- Nickname: Bali
- Born: 1 January 1982 Rawalpindi, Punjab
- Died: 17 May 2009 (aged 27) Peochar Valley, Swat
- Allegiance: Pakistan
- Branch: Pakistan Army
- Service years: 2003–2009
- Rank: Captain
- Service number: PA-40561
- Unit: 42 Baloch Regiment (MIB) Special Services Group
- Conflicts: (UNOCI) Operation Rah-e-Rast †
- Awards: Sitara-e-Basalat

= Bilal Zafar =

Pakistani Army officer (1982–2009)

Captain Bilal Zafar Abbasi (1982–2009) (Urdu: ) was a Pakistan Army officer who received Sitara-e-Basalat on the 62nd Independence Day of Pakistan. He was a captain in the 42 Baloch Regiment (MIB).

==Early life==

===Education===
He was born in Rawalpindi on 2 February 1982. Bilal Zafar got his early education from St. Paul's Cambridge School, Rawalpindi and Government College University, Lahore.

===Military Background===
He belonged to a prominent family with a military background. His father, Zafar Tajamul, is a retired captain. His grandfather, Colonel Tajammal Hussain was a commissioned officer in the British Indian Army. Colonel Hussain also fought in World War II and remained a Prisoner of war. Later on, he joined the Indian National Army and after Independence, he opted for the Pakistan Army. He volunteered for the war of the independence of Kashmir (Indo-Pakistani War of 1947–1948). He raised and commanded the first Bagh Brigade and fought on the Poonch front. For his valour and bravery, he was awarded the medal of Hilal-e-Kashmir. He was the Defence Secretary of the Azad Kashmir government. Later on, he raised the Civil Defence Department in the Azad Kashmir government.

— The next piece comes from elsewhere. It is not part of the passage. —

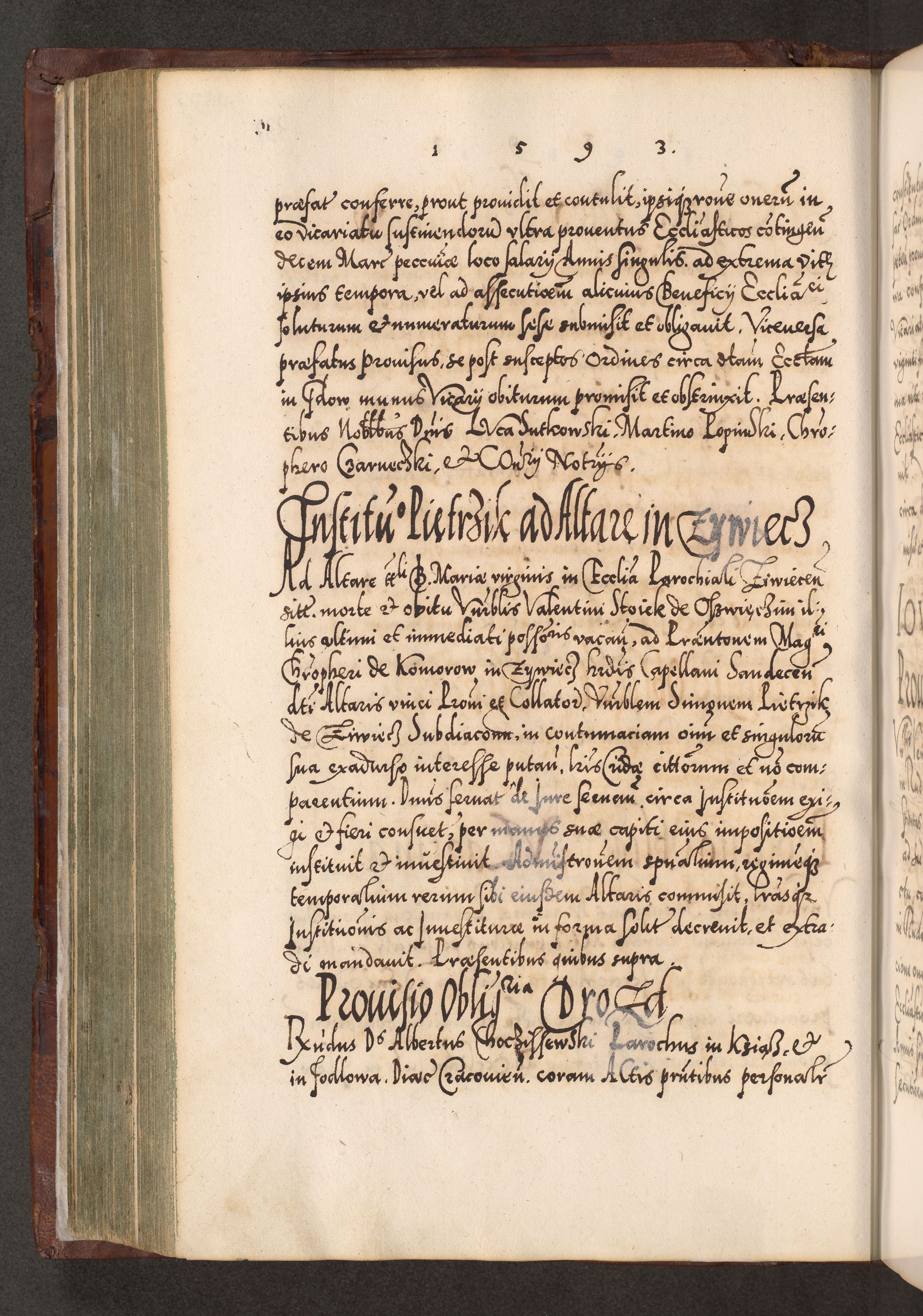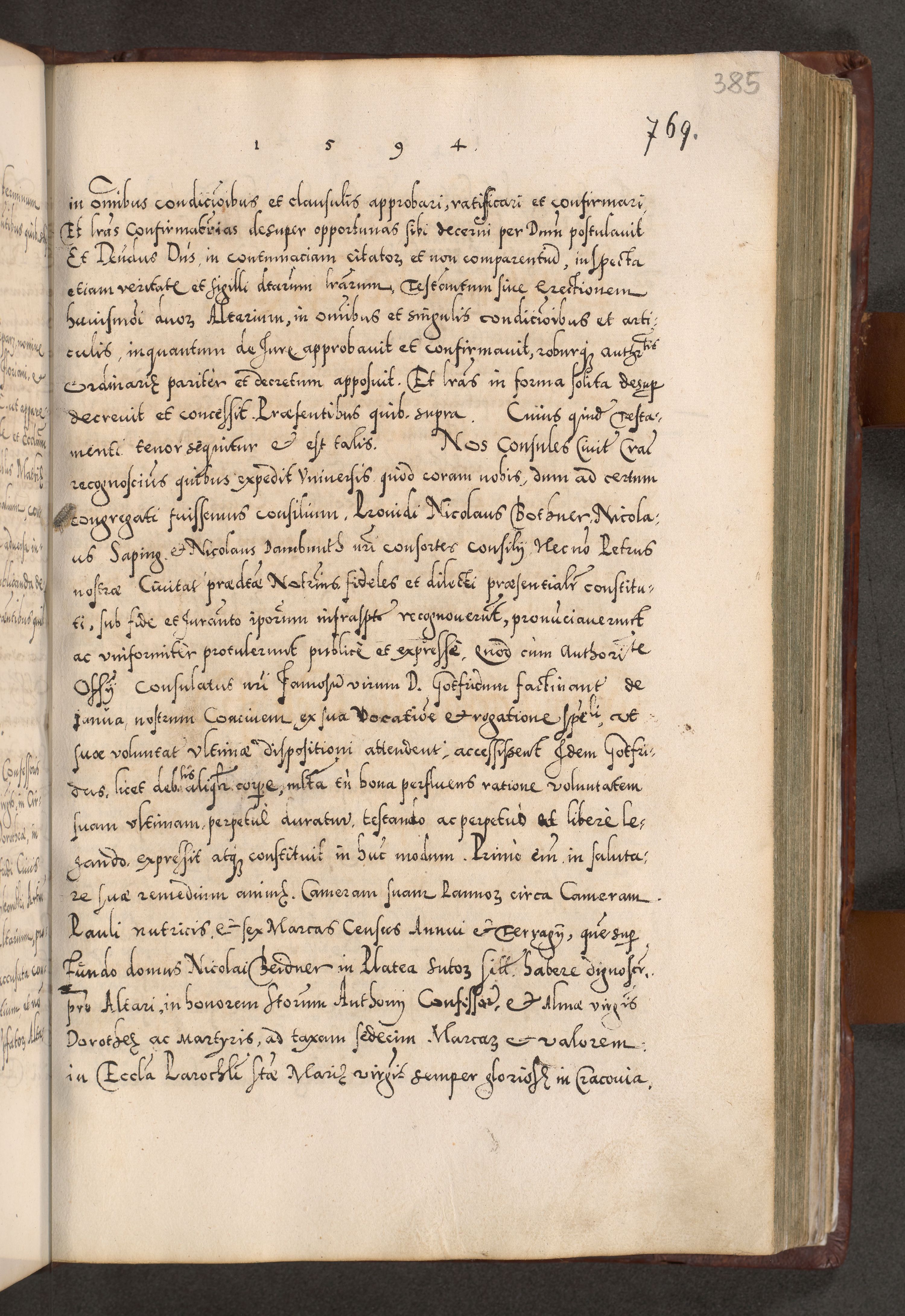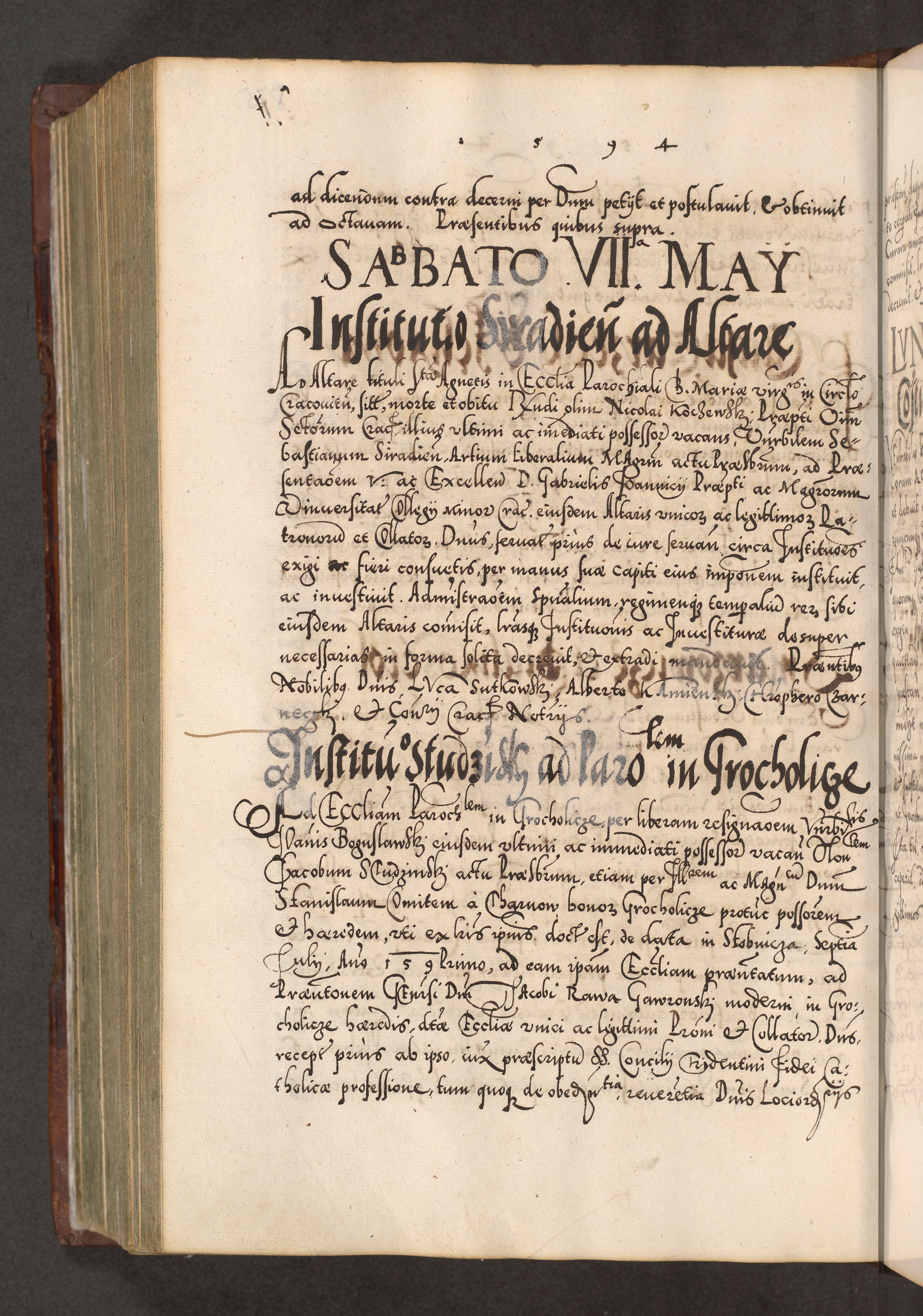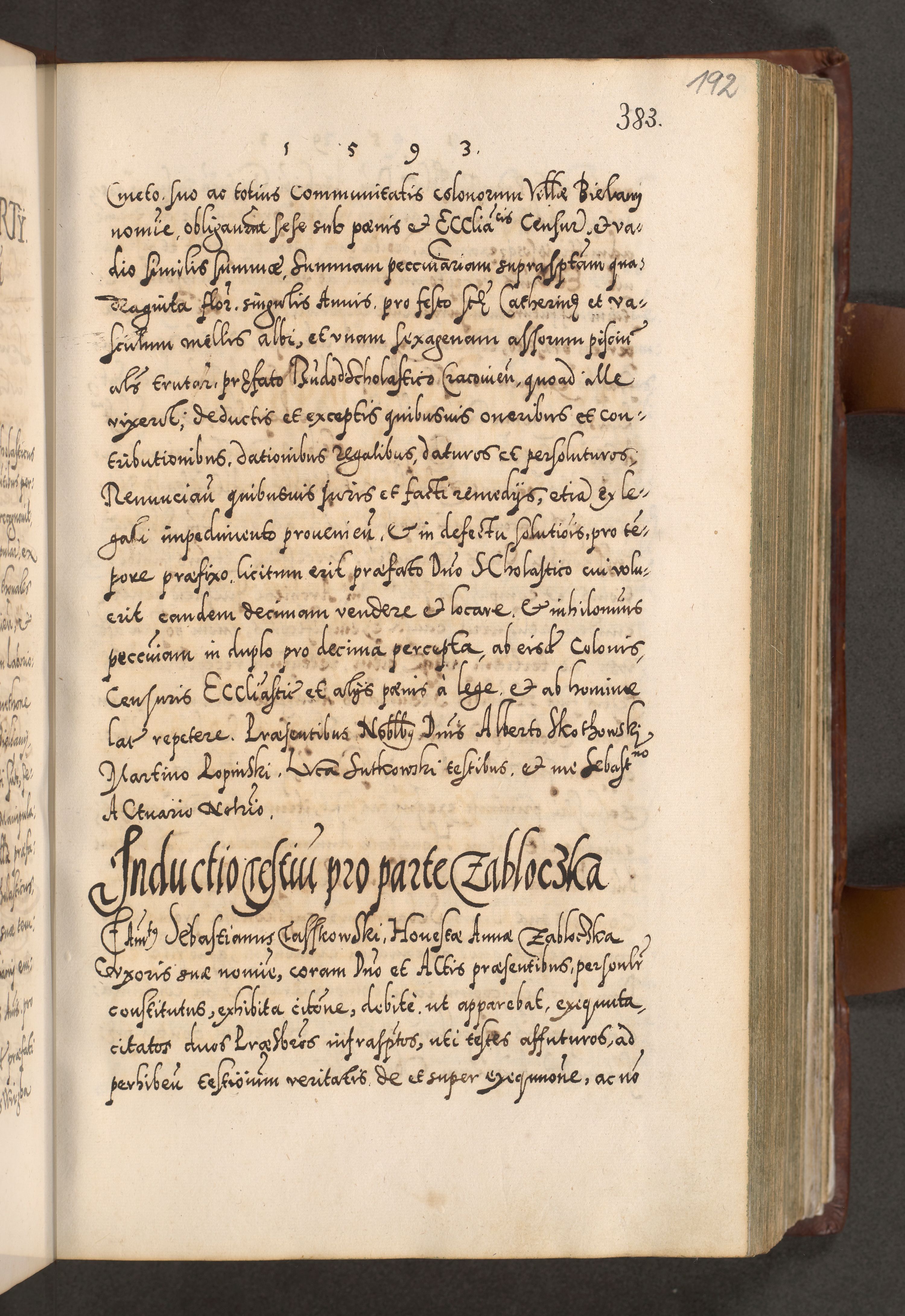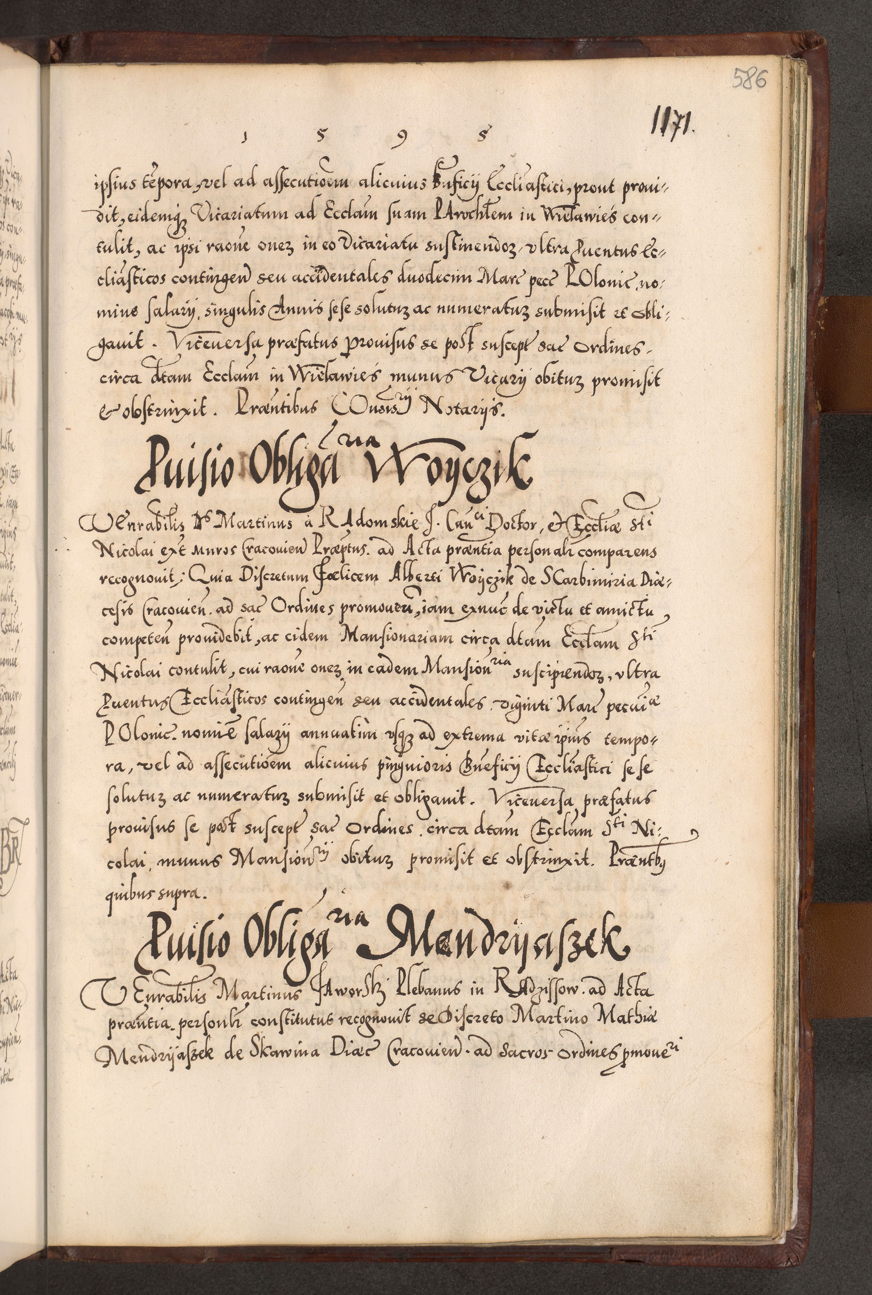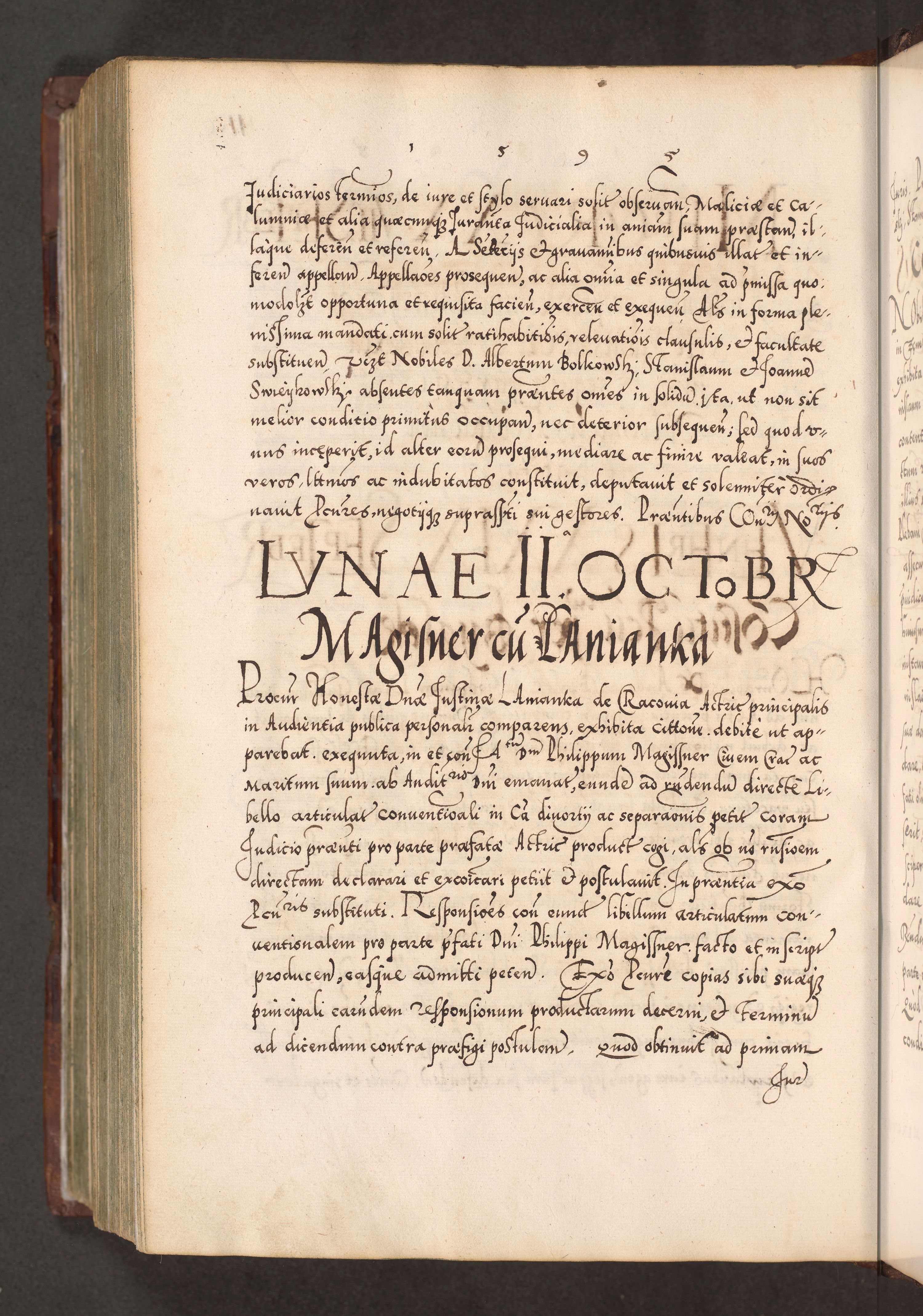 Illistrissimo et revedissimo in Christo Patre Domino Domino Georgio Rzadziwił Miserone Divina Sacrostae R. E. Tituli S. Sixti Presbitero Cardinali Duce in Olyka et Niesswiesz ad Gubernacula Ecclessiae Cracoviensis cuius administratorialem a Sancta Sede Apostolica obtinverat feliciter sedente. Acta actorum, causarum, sententiarum tam deffinitivarum quam interloquutoriarum decretorum, obligationum, quietationum, recognitionum, constitutionum procuratorum etc. coram Reverendo Domino Stanislao Crassinskz de Crasne Archidiacono Cracoviensis, Scholastico Gnesnesis, Custode Plocensis etc. Vicario et Officiali Generali Cracoviensi in Ano Domini Millesimo Quingentesimo Nonagesimo Primo cuius indictio quarta pontificatus SS. Domini Nostri Gregorii XIIII Anno I psius prio feliciter incipiut

The great-grandfather of Captain Bilal, Subedar Lal Khan, fought in World War I. He lost his life in action. For his death in combat, he was awarded the Indian Order of Merit - the second-highest military award.

Captain Bilals' brother, Captain Zarrar, is also a commando officer in the Pakistan army and has participated in many operations.

==Military career==
He joined the Pakistan Army in 2001 and was commissioned into 42 Baloch Regiment(Al-Havi) on 12 October 2003. Later, he joined the SSG. He also served in United Nations peacekeeping mission in Ivory Coast.

==Death==
Second Battle of Swat also known as Operation Rah-e-Rast, began in May 2009. The Pakistan Army launched a defensive against Tehrik-i-Taliban Pakistan militants in a fight for control of the Swat district of Pakistan. The SSG started an operation 'Janbaz' to clear Swat valley from militants. His company was given the task to clear Swat-Peochar Road. During this operation, Captain Bilal Zafar was martyred on 17 May 2009 after being hit in the chest with a rocket launched from a rocket launcher. One day after his death, he was buried in his native village Kehror Kotli Sattian on 18 May 2009. The Government of Pakistan announced the Sitara-e-Basalat for him on the 62nd Independence Day of Pakistan.